The images created by the diffusion model with classifier guidance would be biassed towards extreme/unambiguous examples of that category. For instance, if you ask the model for a cat, it will only provide an image that is clearly of a cat.

The parameter classifier guidance scale determines how powerful this guidance is.

Classifier-Free Guidance for Stable Diffusion AI

Although classifier advice set records, it still requires a second model to serve as guide. Training has been made more challenging by this.

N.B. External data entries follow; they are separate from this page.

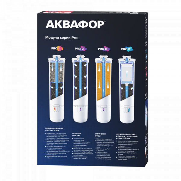 • Комбинация трех сменных модулей Pro 1, Pro Н и Pro B обеспечивает четырехступенчатую очистку, одновременное умягчение и ультрафильтрацию водопроводной воды. Ресурс картриджей ECO H Pro больше аналогичных систем с функцией умягчения и составляет 8 000 литров.
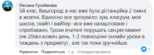 "5 класс, Вышгород: у нас уже была дистанционка 2 недели в октябре. Относительно все понятно: зум, класрум, моя школа, скайп и вайбер – все уже настроено и опробовано. Немного учителя нарушают санитарный регламент (не 20 минут каждый день, а 1-2 полноценные онлайн-урока в неделю по предмету), но так пока удобнее", – пишет Оксана Гусейнова.
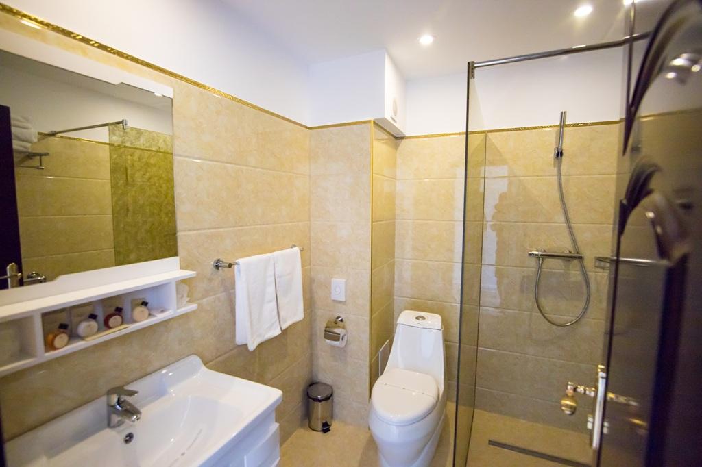 - 3 camere duble King (dormitor cu pat si canapea extensibila 25mp, baie 10 mp. dotata cu dus si cada hidromasaj / vedere laterala la mare).

To obtain “classifier guidance without a classifier,” as its creators put it, one must use classifier-free guidance. They suggested utilising image captions to train a conditional diffusion model, just like the one we covered in text-to-image, in place of class labels and a separate model for guiding.

In order to achieve the so-called “classifier-free” (i.e., without a separate image classifier) guidance in picture formation, they also added the classifier component as conditioning of the noise predictor U-Net.

This direction is provided with a text prompt for text-to-image.

CFG Value

How can we regulate the degree to which the guidance should be followed now that we have a classifier-free diffusion process through conditioning?

The classifier-free guidance (CFG) scale is a parameter that regulates how much the text prompt influences the diffusion process. When it is set to 0, the image production is unconditional (i.e., the prompt is disregarded). Thus, the diffusion is directed toward the prompt by a higher value.